● Material shown:
# # # #
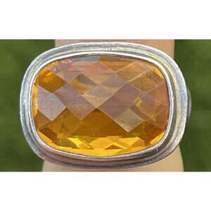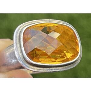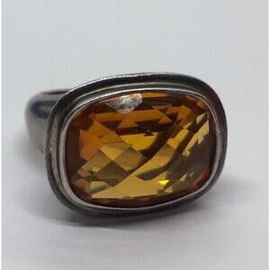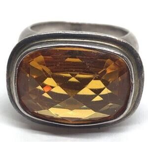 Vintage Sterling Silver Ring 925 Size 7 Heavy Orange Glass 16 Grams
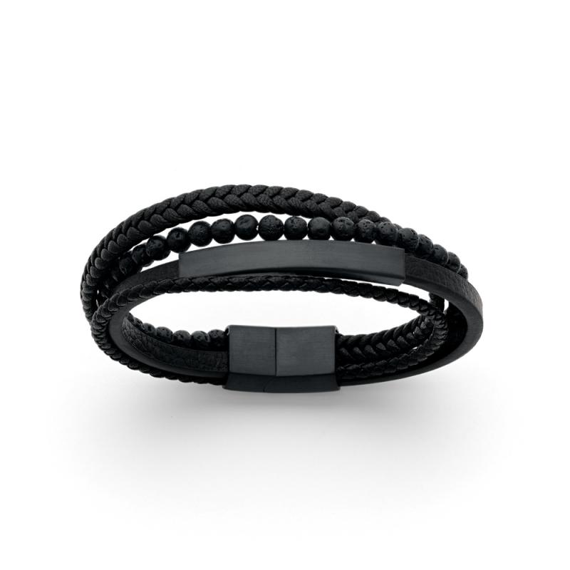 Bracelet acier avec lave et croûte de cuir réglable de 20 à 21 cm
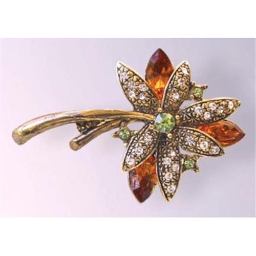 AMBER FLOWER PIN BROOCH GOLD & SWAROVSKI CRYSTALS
# # # #
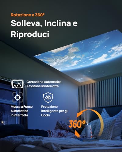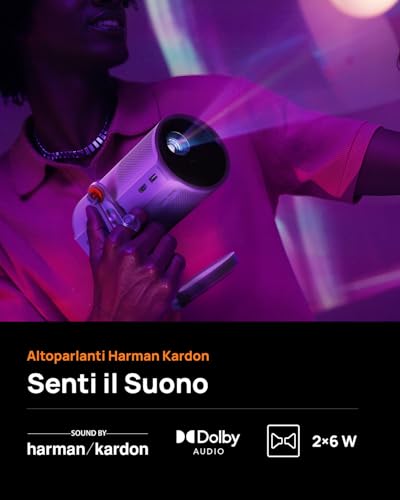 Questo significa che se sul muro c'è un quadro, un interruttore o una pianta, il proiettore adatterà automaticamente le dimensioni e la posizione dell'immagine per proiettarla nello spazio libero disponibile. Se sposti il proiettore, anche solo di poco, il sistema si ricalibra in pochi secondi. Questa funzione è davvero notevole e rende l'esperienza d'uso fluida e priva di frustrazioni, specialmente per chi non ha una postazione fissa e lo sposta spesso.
# # # #
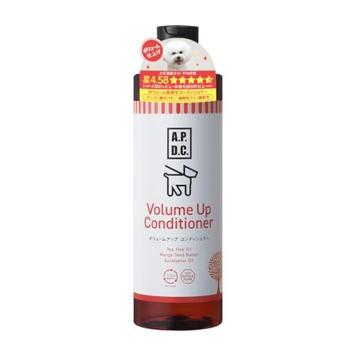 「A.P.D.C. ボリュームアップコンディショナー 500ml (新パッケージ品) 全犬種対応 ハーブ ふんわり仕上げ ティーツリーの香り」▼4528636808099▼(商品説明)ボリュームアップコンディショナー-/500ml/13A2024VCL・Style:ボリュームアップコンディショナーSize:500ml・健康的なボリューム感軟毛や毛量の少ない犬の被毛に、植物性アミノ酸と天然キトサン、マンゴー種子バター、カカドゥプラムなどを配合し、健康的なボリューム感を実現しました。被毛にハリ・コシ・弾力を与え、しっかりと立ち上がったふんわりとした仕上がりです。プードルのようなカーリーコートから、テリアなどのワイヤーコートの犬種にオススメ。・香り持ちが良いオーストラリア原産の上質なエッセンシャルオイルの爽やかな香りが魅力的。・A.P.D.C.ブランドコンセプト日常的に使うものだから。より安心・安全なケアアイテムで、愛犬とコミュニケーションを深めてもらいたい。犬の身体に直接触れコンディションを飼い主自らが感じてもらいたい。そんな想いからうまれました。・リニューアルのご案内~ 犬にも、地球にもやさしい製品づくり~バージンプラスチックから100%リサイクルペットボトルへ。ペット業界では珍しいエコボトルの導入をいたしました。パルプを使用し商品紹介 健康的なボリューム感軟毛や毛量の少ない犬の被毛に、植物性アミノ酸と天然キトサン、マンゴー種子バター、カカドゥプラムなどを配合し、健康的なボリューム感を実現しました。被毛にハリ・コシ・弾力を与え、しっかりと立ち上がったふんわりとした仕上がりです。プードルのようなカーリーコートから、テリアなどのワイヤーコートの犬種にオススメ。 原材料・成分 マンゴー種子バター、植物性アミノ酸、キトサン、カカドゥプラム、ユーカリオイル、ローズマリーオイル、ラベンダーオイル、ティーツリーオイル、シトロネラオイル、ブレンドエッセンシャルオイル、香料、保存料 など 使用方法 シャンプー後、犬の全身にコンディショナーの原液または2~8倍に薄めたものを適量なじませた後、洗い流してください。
# # # #
● Task: Could you write out exactly the lines of the data above that run from the one holding "Bracelet acier avec" to the one holding "AMBER FLOWER PIN", with both ends in and all pictures out?

● Result for this exercise:
 Bracelet acier avec lave et croûte de cuir réglable de 20 à 21 cm
 AMBER FLOWER PIN BROOCH GOLD & SWAROVSKI CRYSTALS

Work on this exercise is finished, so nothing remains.